少しして、日蔓が未優のはねた髪をアイロンで伸ばしているとインターホンが鳴った。
「誰だろ」
「衝羽?」
「そうかも。ちょっと待ってね。これ触っちゃ駄目だよ」
アイロンを切って机に置き、インターホンに応答した。
「……あぁ」
『仕事』
「ごくろーさん」
『俺学生の時より持ってこさせられてるの何!? お前小学生か!?』
「学校のプリントより大事だろ。
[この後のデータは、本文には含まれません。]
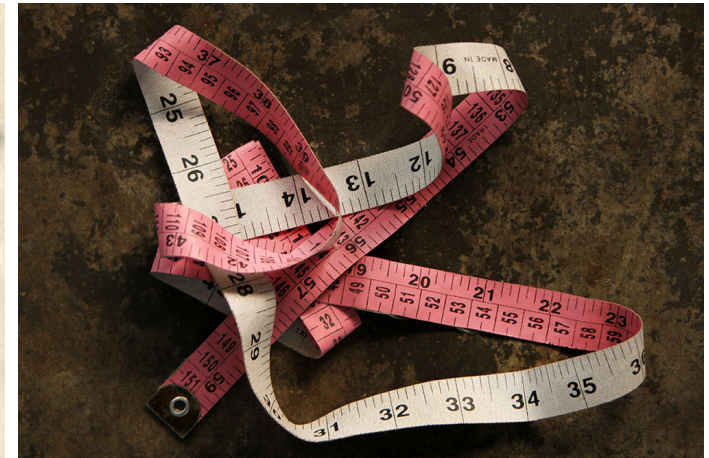
Measuring tape to measure and mark the size of product.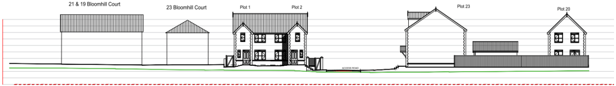
Line B - Elevation from BloomHill Court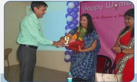
Awarded Director of Aarambh was honored by Matsyodari Engg. College, Jalna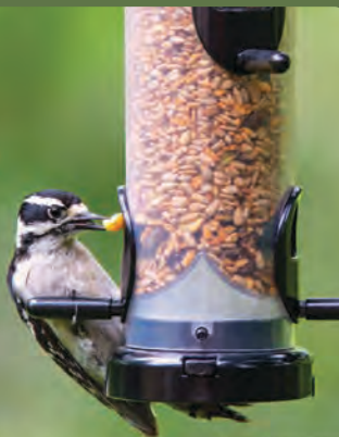
Downy Woodpecker Flory Feast® EcoClear® Medium Seed Tube Feeder

Offer our exclusive hot pepper bird foods and keep critters away from your feeders.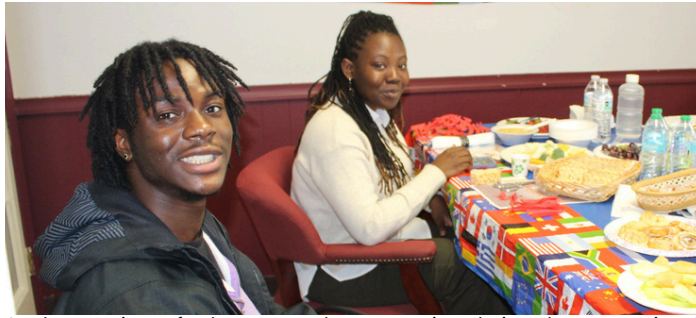
Students enjoy refreshments and conversation during the International Student Networking Events.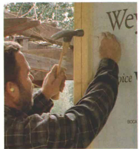
Guide nails speed installation. Course widths are measured up and marked from the top edge of the bottom plank. A temporary nail is driven at each mark as a guide.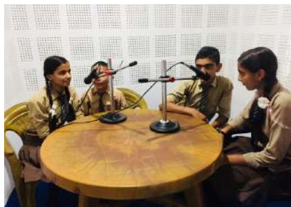
Milijuli Bolaun Recording Studio established in Mirmee Basic School, Syangja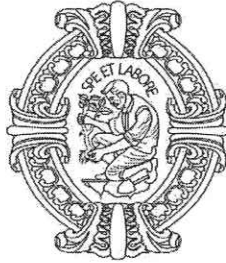
Andre Sayegh' Mayor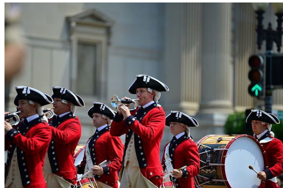
Independence Day Parade in Washington, D.C.

Independence Day fireworks are often accompanied by patriotic songs such as the national anthem "The Star-Spangled Banner", "God Bless America", "America the Beautiful", "My Country, 'Tis of Thee", "This Land Is Your Land", "Stars and Stripes Forever", and, regionally, "Yankee Doodle" in northeastern states and "Dixie" in southern states. Some of the lyrics recall images of the Revolutionary War or the War of 1812.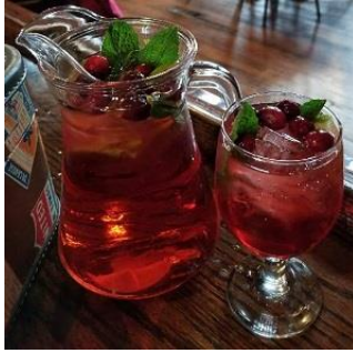
How about some Jingle Juice?

28 Depot Street Palmer, MA 01069 413.283.2744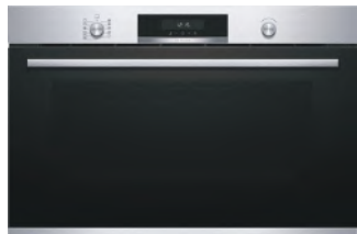
900mm Built-In Oven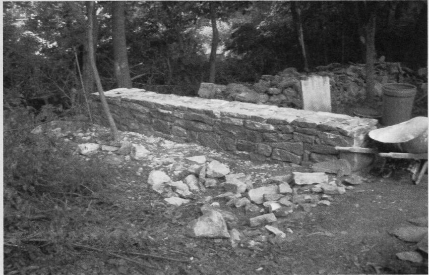
Ruppert Graveyard, Rockland Township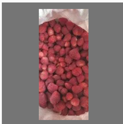
IQF Frozen Strawberry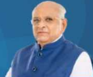
Shri Bhupendrabhai Patel - Chief Minister of Gujarat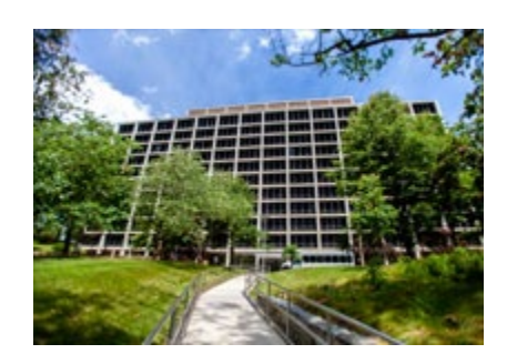
Graduation March 27, 2025 (1/2 day) NIH Campus - Building 31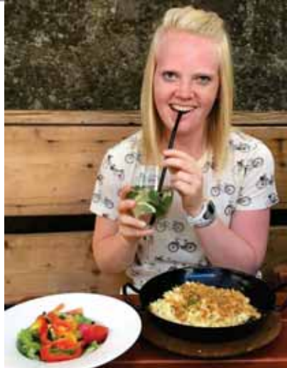
Left (L-R) - Eating a traditional Austrian Spätzle with a traditional Austrian drink; Preparing apple strudel; Enjoying a traditional Austrian meal after a long hike.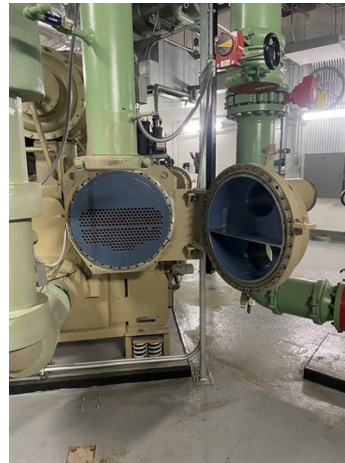
Chiller completed application one side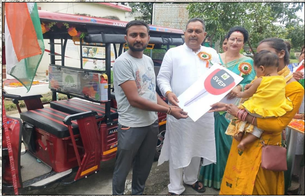
Highlight from the 76 th Independence Day Celebration in Sahaspur block of Uttarakhand: The Honorable Chief Guest, MLA Sahadev Pundir Ji, inaugurated an E-rickshaw of SVEP supported entrepreneur and felicitated SVEP team during the event.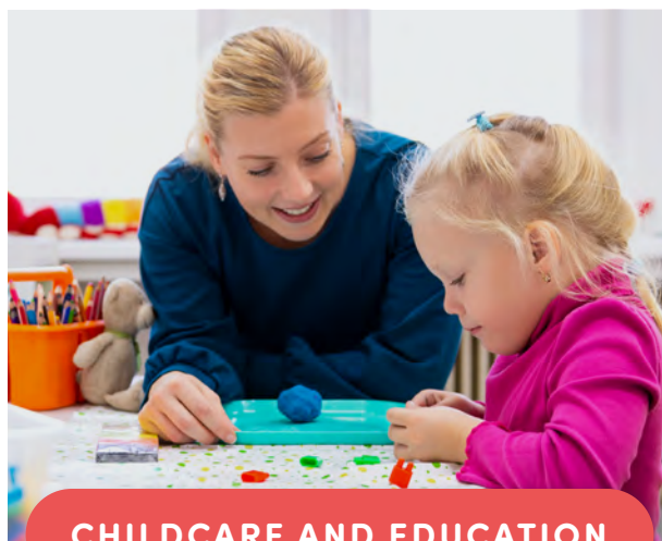
CHILDCARE AND EDUCATION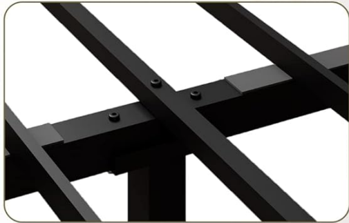
Strong Central Foundation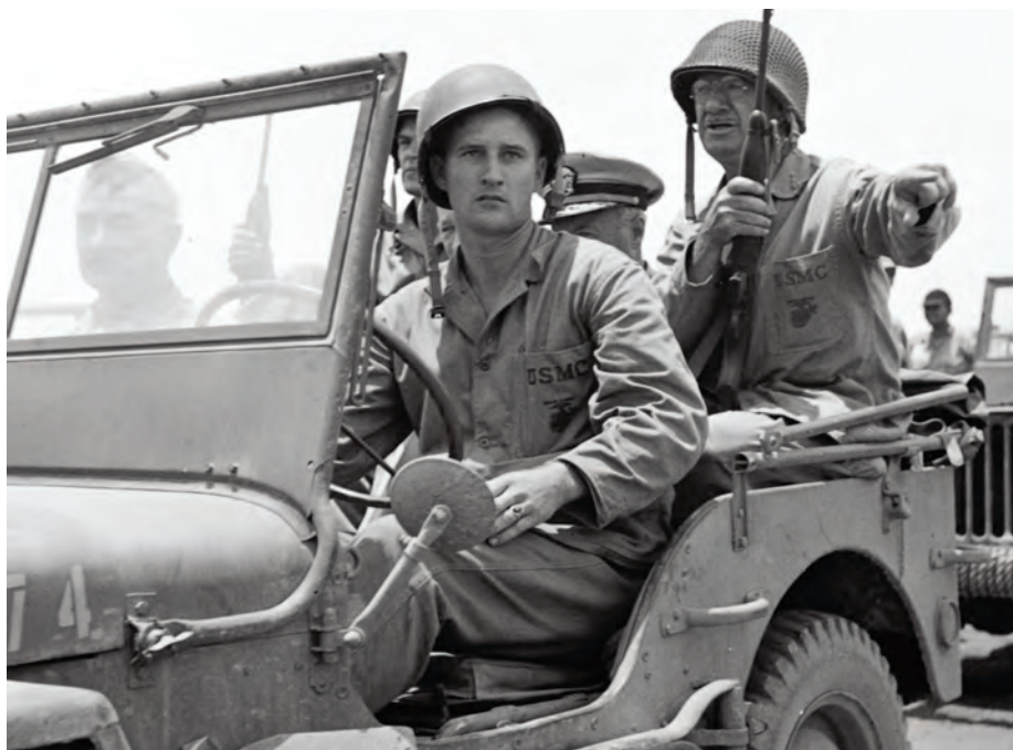
LtGen Holland M. Smith tours the area near the Saipan airport in August 1944.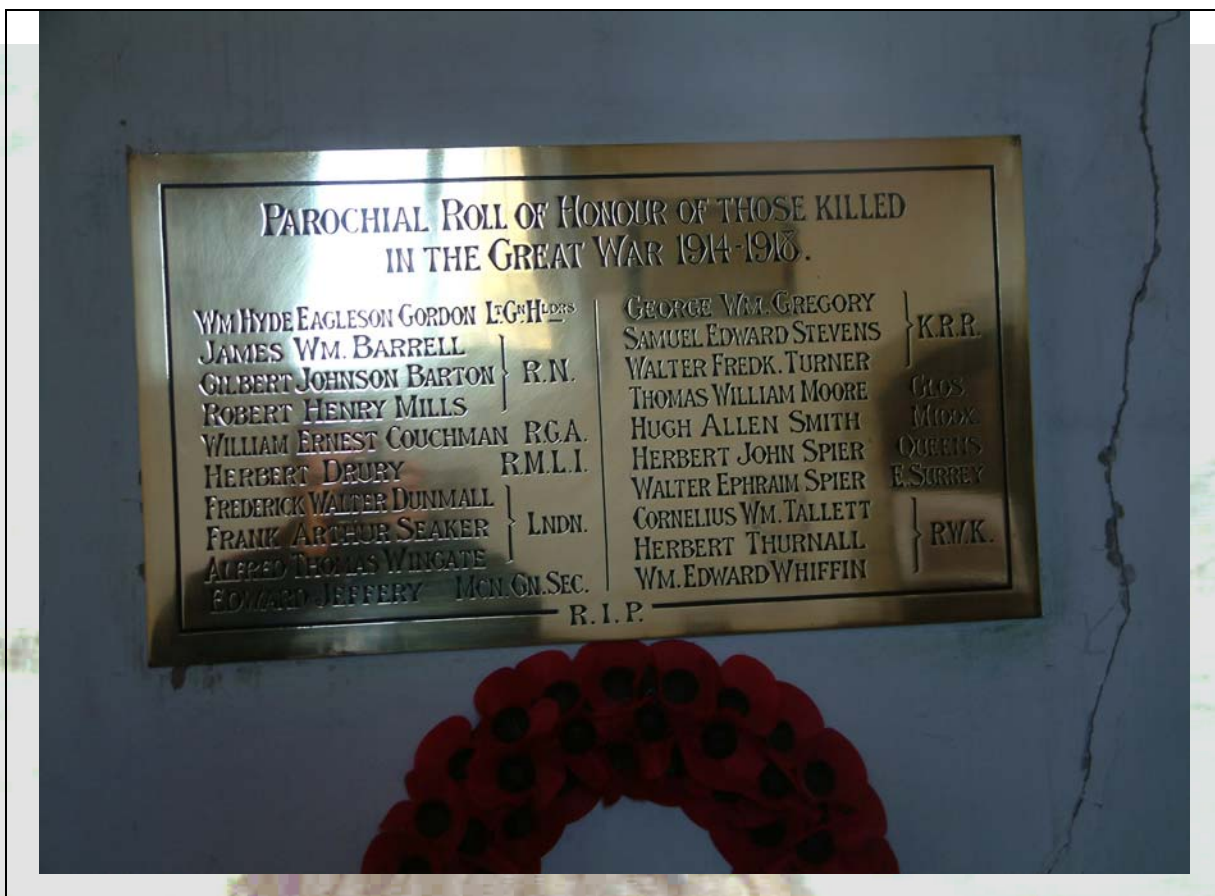
This brass memorial is found on the wall facing you as you enter the church. The following men are listed on this plaque.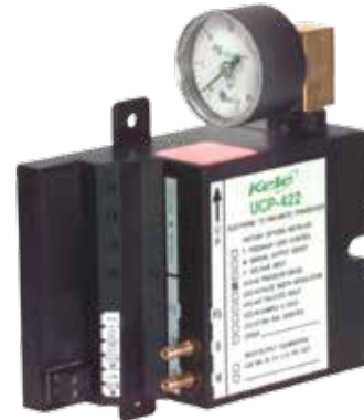
UCP-422-43 (Shown with Optional Pressure Gauge)

文句があるなら上にデータ化してもらえ」
つーかたぶん一人が勝手にデータ化したら全部データ化されるんだろうけどな。
『入れろ! 目の保養を!』
「じゃあ十分待って」
『じゅっ……!?』
インターホンを切り、また未優の身支度に戻る。
ちゃんと待っていた衝羽はショートで顔が良く見えるようになった未優をこれでもかと可愛がり、日蔓はその間に書類に目を通した。
「……データ化させるか」
「あー可愛い。……お前の一存でどうにかなるものか」
「上に何人かっつーか上のほとんどに気に入られてるんでね」
書類をリビングに置き、パーカーを羽織ると玄関の靴を履いた。
「お出かけか」
「病院。昨日の夜に立てなくなって」
「なんで?」
「分からん。あと記憶の混乱があるから」
「俺もついてくぞ」
「いいよ。未優、おいで」
三人で病院に行き、小児科の先生に朝一で見てもらった。
色々な検査を終え、疲れた未優は衝羽と外で待機。日蔓だけ診察室で話を聞く。
「脳に異常はなかったよ。ほんとに……心理性のものだろうね」
「……ちょっと前に」
未優の正夢のことを伝えた。
「蛇の夢が吉兆の印とか、天災の夢は不吉の前兆とか言うけどそんなんじゃないんだよね。ほんとに、夢の中で未来の一部を全部見てた」
「……鏡界に三日もいて界魔に守られていたのはあの子が初めてだから。もしかしたら支配人が何かをしたのかもしれない。……そもそも人間じゃなかったり、ね」
「いや人間の出生届ありますから」
「人間に近い界魔を知らない人が人間として処理した、とかさ。新生児の取り換え事故とかね。……なんにせよ、要観察になるよ。その夢も、これからの記憶が消え続けるのかも」
足の方にも特に異常はなかったが、これに関しては立てない状態の筋肉を調べて比較する必要があるらしい。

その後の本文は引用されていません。